Task item —
Using the entries below, write out the line with "Sun-drenched Lofted Townhome", the line with "AQUOS R7の質感は高級", and every line in between, exactly as each is written.

Source material —
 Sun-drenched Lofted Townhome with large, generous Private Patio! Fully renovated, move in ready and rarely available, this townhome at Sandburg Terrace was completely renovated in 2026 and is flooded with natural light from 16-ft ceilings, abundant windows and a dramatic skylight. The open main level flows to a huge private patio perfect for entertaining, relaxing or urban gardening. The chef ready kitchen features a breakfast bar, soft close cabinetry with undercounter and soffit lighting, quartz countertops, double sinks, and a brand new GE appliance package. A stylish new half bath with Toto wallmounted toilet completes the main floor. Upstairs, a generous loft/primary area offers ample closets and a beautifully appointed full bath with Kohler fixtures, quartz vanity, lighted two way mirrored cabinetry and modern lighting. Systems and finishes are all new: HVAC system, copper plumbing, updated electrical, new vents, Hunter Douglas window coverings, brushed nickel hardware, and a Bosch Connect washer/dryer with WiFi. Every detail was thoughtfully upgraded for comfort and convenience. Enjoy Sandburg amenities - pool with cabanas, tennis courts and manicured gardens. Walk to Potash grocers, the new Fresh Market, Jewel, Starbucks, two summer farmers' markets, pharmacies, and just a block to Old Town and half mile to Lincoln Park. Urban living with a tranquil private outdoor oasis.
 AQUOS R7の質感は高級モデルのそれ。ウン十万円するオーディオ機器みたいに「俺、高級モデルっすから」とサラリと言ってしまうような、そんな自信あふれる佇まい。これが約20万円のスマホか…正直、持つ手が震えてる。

==

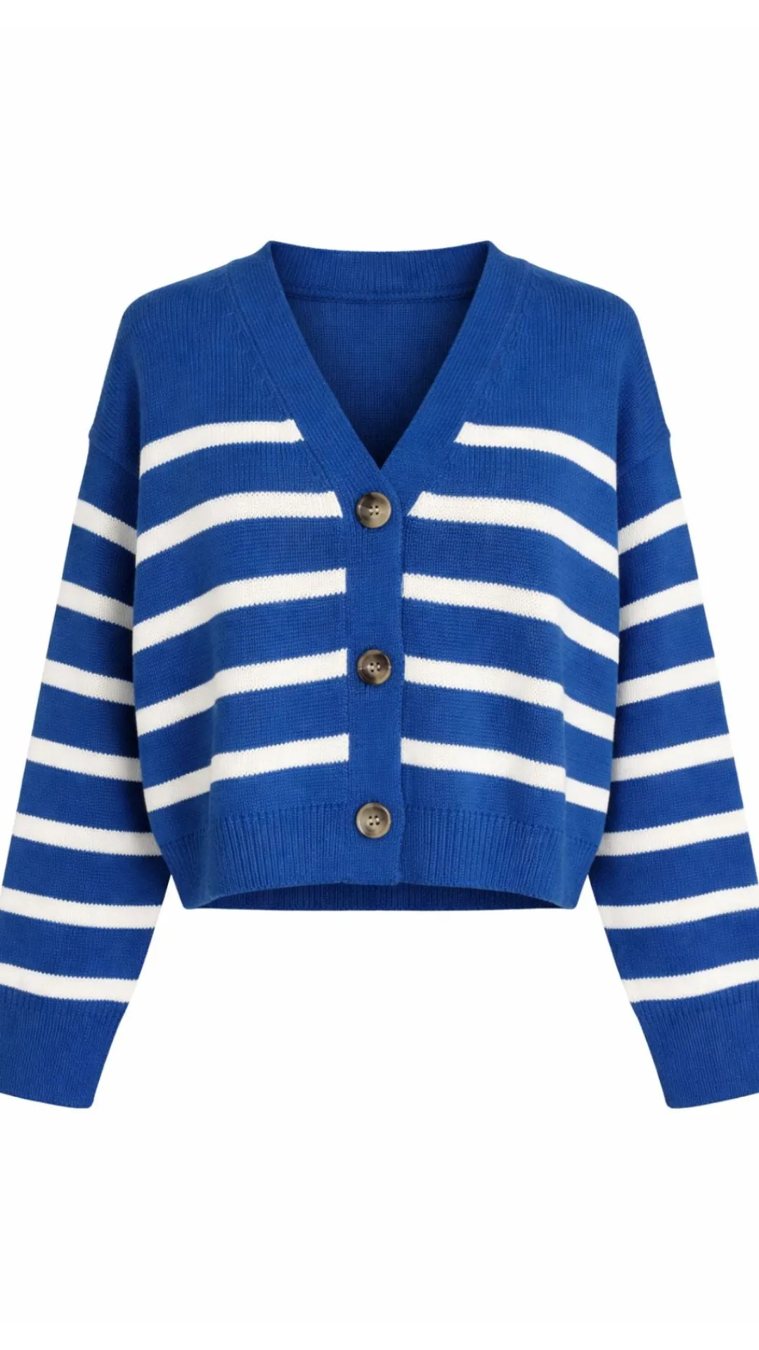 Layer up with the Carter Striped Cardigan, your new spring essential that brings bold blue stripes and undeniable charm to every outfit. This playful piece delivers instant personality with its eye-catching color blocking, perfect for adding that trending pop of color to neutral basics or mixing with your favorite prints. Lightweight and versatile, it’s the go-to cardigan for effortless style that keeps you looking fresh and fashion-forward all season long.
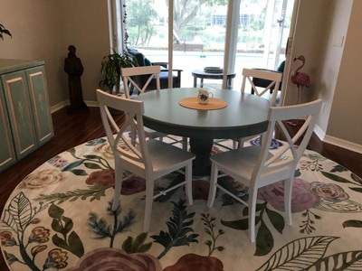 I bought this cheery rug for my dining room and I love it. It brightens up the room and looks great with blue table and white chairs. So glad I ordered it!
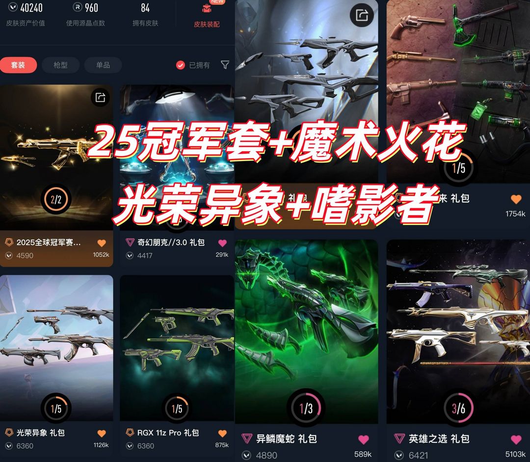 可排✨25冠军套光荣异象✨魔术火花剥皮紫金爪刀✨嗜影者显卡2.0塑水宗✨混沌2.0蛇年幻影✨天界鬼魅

Solution —
 Sun-drenched Lofted Townhome with large, generous Private Patio! Fully renovated, move in ready and rarely available, this townhome at Sandburg Terrace was completely renovated in 2026 and is flooded with natural light from 16-ft ceilings, abundant windows and a dramatic skylight. The open main level flows to a huge private patio perfect for entertaining, relaxing or urban gardening. The chef ready kitchen features a breakfast bar, soft close cabinetry with undercounter and soffit lighting, quartz countertops, double sinks, and a brand new GE appliance package. A stylish new half bath with Toto wallmounted toilet completes the main floor. Upstairs, a generous loft/primary area offers ample closets and a beautifully appointed full bath with Kohler fixtures, quartz vanity, lighted two way mirrored cabinetry and modern lighting. Systems and finishes are all new: HVAC system, copper plumbing, updated electrical, new vents, Hunter Douglas window coverings, brushed nickel hardware, and a Bosch Connect washer/dryer with WiFi. Every detail was thoughtfully upgraded for comfort and convenience. Enjoy Sandburg amenities - pool with cabanas, tennis courts and manicured gardens. Walk to Potash grocers, the new Fresh Market, Jewel, Starbucks, two summer farmers' markets, pharmacies, and just a block to Old Town and half mile to Lincoln Park. Urban living with a tranquil private outdoor oasis.
 AQUOS R7の質感は高級モデルのそれ。ウン十万円するオーディオ機器みたいに「俺、高級モデルっすから」とサラリと言ってしまうような、そんな自信あふれる佇まい。これが約20万円のスマホか…正直、持つ手が震えてる。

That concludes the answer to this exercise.